The company's total 43-101 resource for Mother Lode is 53.38 million tonnes grading 0.68gpt for 1.159 million ounces measured and indicated, and 16.24Mt of 0.46gpt (241,000oz) inferred. That includes a sulphide ‘mill resource' of 13.23Mt grading 1.72gpt M&I, and 2.17Mt at 1.6gpt inferred, with the rest marked for heap leach pads.

That's using a US$1,250/oz gold price.

Ko reminds that "the average openpit grade nowadays is about 0.7gpt", including for the prolific Carlin and Cortez trend mines in Nevada's north.

What will become clearer in Corvus' PEA is the extent of the plus-2gpt higher-grade core slated to sustain mining for at least the first few years at Mother Lode, and likely to complement higher-grade vein system material from Yellow Jacket at North Bullfrog.

Corvus' "conceptual plan" for a combined Mother Lode/North Bullfrog has a central mill processing sulphide and oxide ores, and heap leach pads at both locations to low-grade oxides. It envisages plus-250,000ozpa scale, with cash costs in "the lowest quartile" and a 10-year mine life to justify the initial capex.
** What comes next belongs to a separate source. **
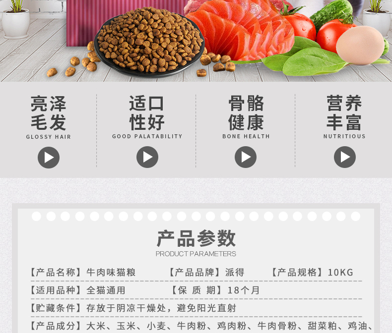 全猫通用派得猫粮牛肉味10kg
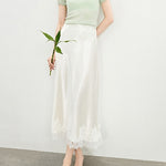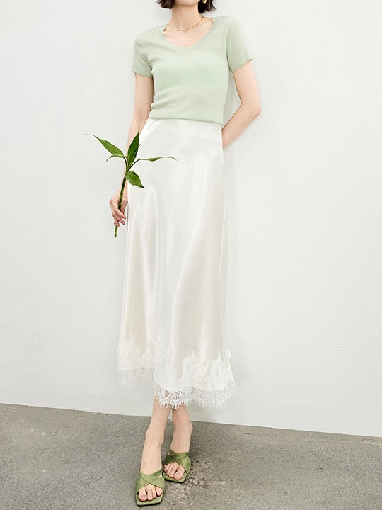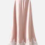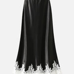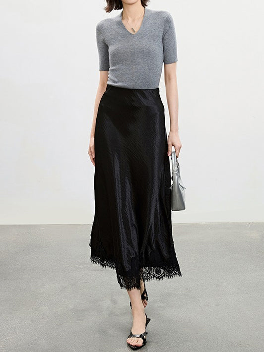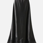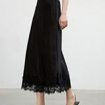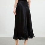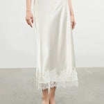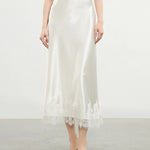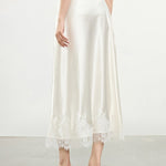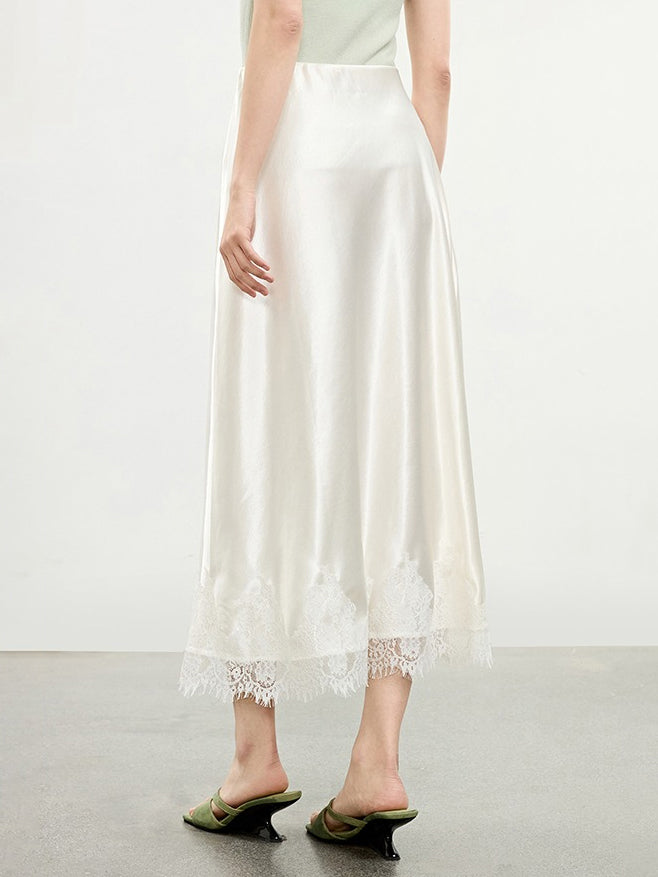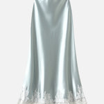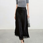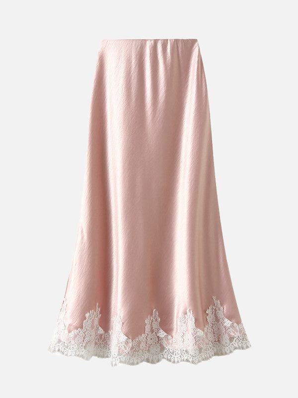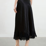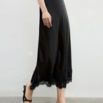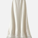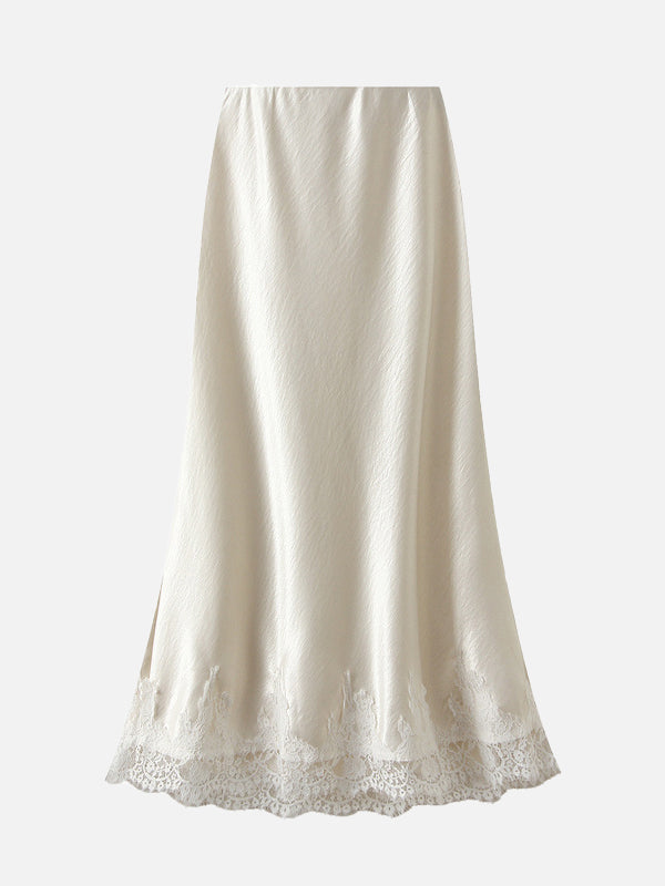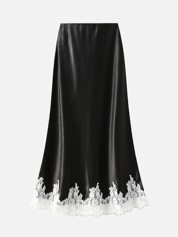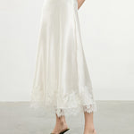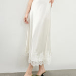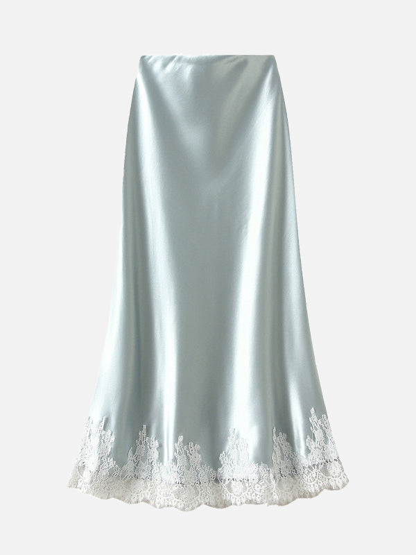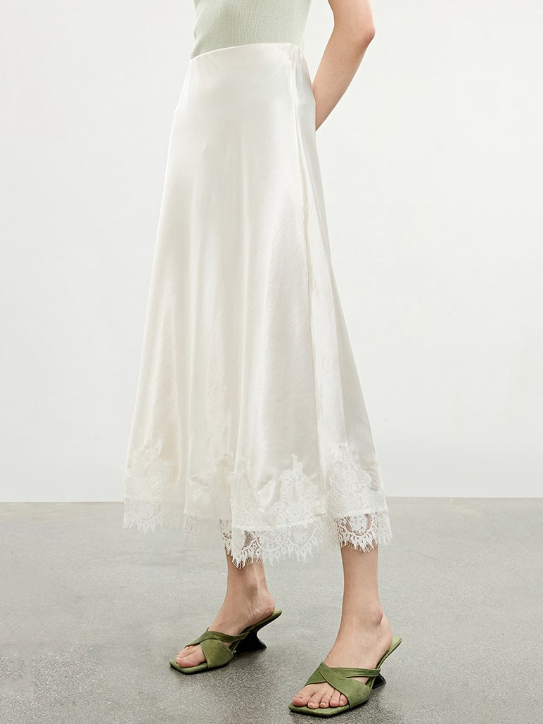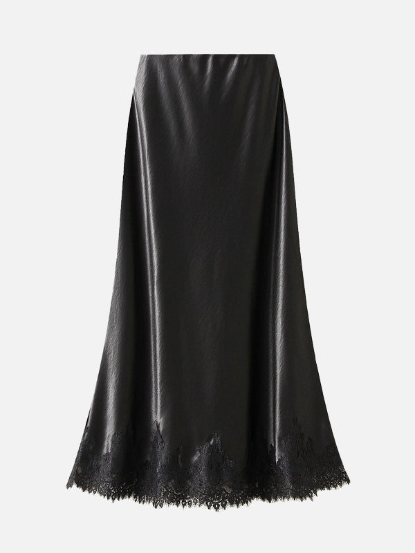 上品なサテン生地でアップデート、繊細なレースと組み合わせたロングスカート。

The deposit currently sits within an area about 650m long by 450m wide and is characterised as thick (100m average), tabular and dipping to the north at about 56 degrees on an east to west axis, along the regional Tertiary-Paleozoic unconformity. A pit could be 350m deep at this stage and Corvus has deeper core holes planned to test for mineralisation that remains open to the west, east, north and at depth.

Its current phase 3 extensional drilling program of about 20,000m of RC and core is scheduled to run through to April/May next year. Corvus has only completed about 2,500m of that program so far.
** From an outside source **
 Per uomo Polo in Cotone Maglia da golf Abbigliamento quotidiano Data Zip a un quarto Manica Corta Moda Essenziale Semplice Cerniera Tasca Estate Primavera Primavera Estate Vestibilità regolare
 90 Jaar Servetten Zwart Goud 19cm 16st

Looking north-north-east: Northern Empire drill rig in the foreground, Corvus Gold drill behind it (behind pit), and AngloGold Ashanti Silicon project in the background

With its thickness and the ability to heap leach ‘overburden' to recover gold, Mother Lode is looking like it could host a pit with about a 2.7:1 strip ratio.
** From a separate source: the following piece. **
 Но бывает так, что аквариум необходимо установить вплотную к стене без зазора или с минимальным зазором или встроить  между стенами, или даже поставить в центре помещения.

The company's current drilling and study work is fully funded and as Ko indicated, Corvus has had supportive shareholders in AngloGold, New York-based fund Tocqueville Asset Management (now also a 19.8% holder), and Van Eck (7.9%).

AngloGold's bid to expand its drilling campaign in logistically more challenging and expensive terrain to the north is an indication it has found something worth pursuing, albeit more the deeper, epithermal vein target similar to a Yellow Jacket rather than a Mother Lode.

How that takes shape over the next six months or so will ultimately determine its level of interest in the district, but certainly the total number of new ounces in resources in the area is now building to a more intriguing point.

Junior project generator and AngloGold partner Renaissance Gold said this week new drilling would aim to test "deeper levels of a large, exposed alteration zone".

"So far, work has demonstrated that the alteration system is representative of a low sulfidation epithermal system centred around the Silicon fault target. It supports a follow up combined core and RC drilling of approximately 17,000m that is now being planned," Renaissance said.

Ko said the corporate activity, AngloGold's results and now Corvus' news were driving new interest in Nevada's south-west and the Walker Lane Trend, which has of course been overshadowed in the past by the Carlin and Cortez trends that account for 80% of US gold production. Nevada and its famous twin trends have yielded about 200Moz since 1859 - 140Moz since 1995.

"We are starting to see a lot more groups looking at the politically safe jurisdictions like Nevada again and there is still a lot of activity here at a time when definitely it's scaled back in some other parts of the world," he said.